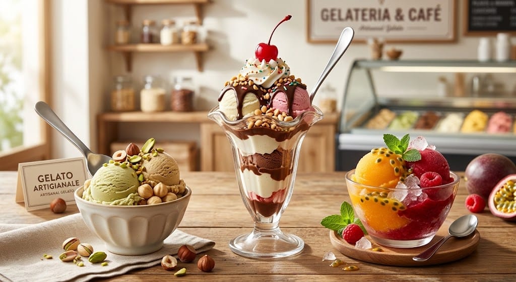 - Gelato: Khác với kem thông thường, Gelato của Ý dẻo mịn hơn, ít béo hơn nhưng lại cực kỳ đậm đặc hương vị tự nhiên của trái cây, hạt dẻ hay hạt dẻ cười.
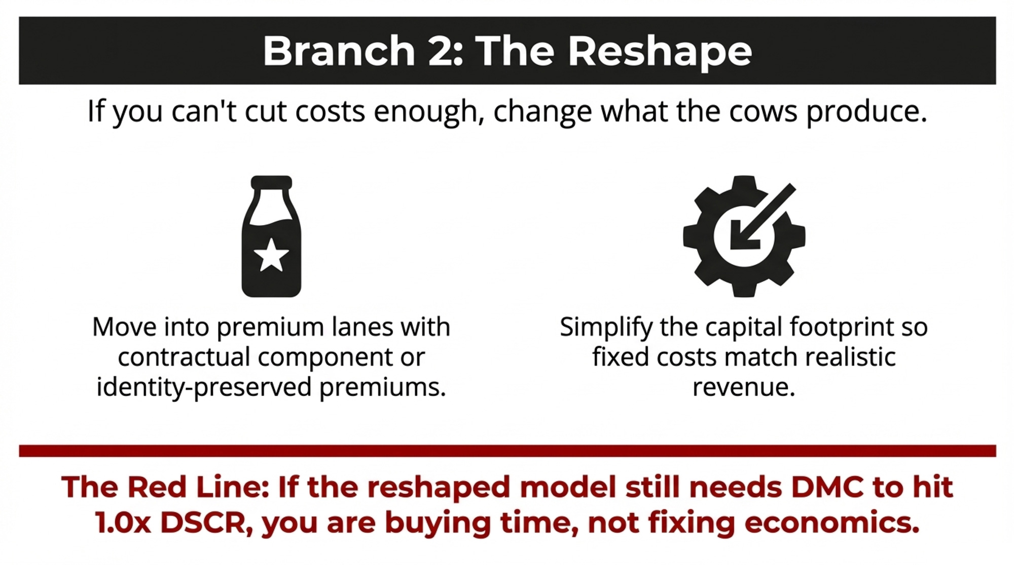Mark’s in this lane if “no‑program” DSCR can realistically climb to ≥1.2x within 12–24 months through specific moves: a disciplined cull plan that raises milk per stall; a concrete labour change that lowers non‑feed cost/cwt; selling non‑core assets to knock down debt per cow. In that world, DMC works as designed — a floor under feed‑margin risk, not a permanent revenue line.
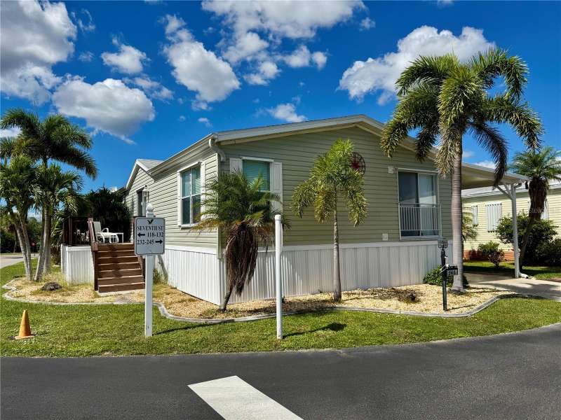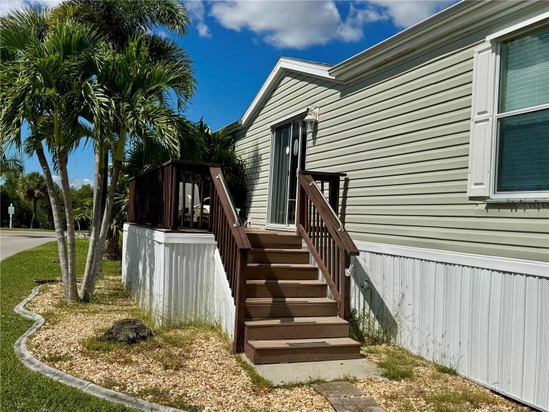 Great opportunity to live in a desirable 55+ waterfront community! Located in Eagle Point, on scenic Alligator Creek in Punta Gorda, this furnished 2-bedroom, 2-bath home (built in 2005) offers comfort and coastal charm. Enjoy relaxing on your porch surrounded by palm trees, or make use of the separate workshop/storage area for hobbies and extra space or venture outside to ride your bike or walk around the relaxing waterfront area. Cost comparison where can you live in Fl, keep a boat in the storage area on site with a community boat ramp with access to Alligator Creek and beyond!!! As a park share community buyers purchase 20 shares at $1,000 each, which reduces quarterly dues and is refundable upon resale. HOA dues include water, sewer, trash, recreational facilities, and road maintenance. Eagle Point is an active waterfront community offering a variety of amenities and activities, including a heated pool, social hall with Wi-Fi, library, recreation room with card and pool tables, fire pit area, bingo nights, large grilling area, and a community dock perfect for fishing, gathering with friends or launching your kayak on alligator creek. Cost comparison where can you live in Fl, keep a boat in the storage area on site use the community boat ramp with access to Alligator Creek and beyond!!!Experience the best of Florida living!

#### Task requirements:
The material above should be repeated word for word, with every picture omitted.

#### Exercise result:
 - Gelato: Khác với kem thông thường, Gelato của Ý dẻo mịn hơn, ít béo hơn nhưng lại cực kỳ đậm đặc hương vị tự nhiên của trái cây, hạt dẻ hay hạt dẻ cười.
Mark’s in this lane if “no‑program” DSCR can realistically climb to ≥1.2x within 12–24 months through specific moves: a disciplined cull plan that raises milk per stall; a concrete labour change that lowers non‑feed cost/cwt; selling non‑core assets to knock down debt per cow. In that world, DMC works as designed — a floor under feed‑margin risk, not a permanent revenue line.
 Great opportunity to live in a desirable 55+ waterfront community! Located in Eagle Point, on scenic Alligator Creek in Punta Gorda, this furnished 2-bedroom, 2-bath home (built in 2005) offers comfort and coastal charm. Enjoy relaxing on your porch surrounded by palm trees, or make use of the separate workshop/storage area for hobbies and extra space or venture outside to ride your bike or walk around the relaxing waterfront area. Cost comparison where can you live in Fl, keep a boat in the storage area on site with a community boat ramp with access to Alligator Creek and beyond!!! As a park share community buyers purchase 20 shares at $1,000 each, which reduces quarterly dues and is refundable upon resale. HOA dues include water, sewer, trash, recreational facilities, and road maintenance. Eagle Point is an active waterfront community offering a variety of amenities and activities, including a heated pool, social hall with Wi-Fi, library, recreation room with card and pool tables, fire pit area, bingo nights, large grilling area, and a community dock perfect for fishing, gathering with friends or launching your kayak on alligator creek. Cost comparison where can you live in Fl, keep a boat in the storage area on site use the community boat ramp with access to Alligator Creek and beyond!!!Experience the best of Florida living!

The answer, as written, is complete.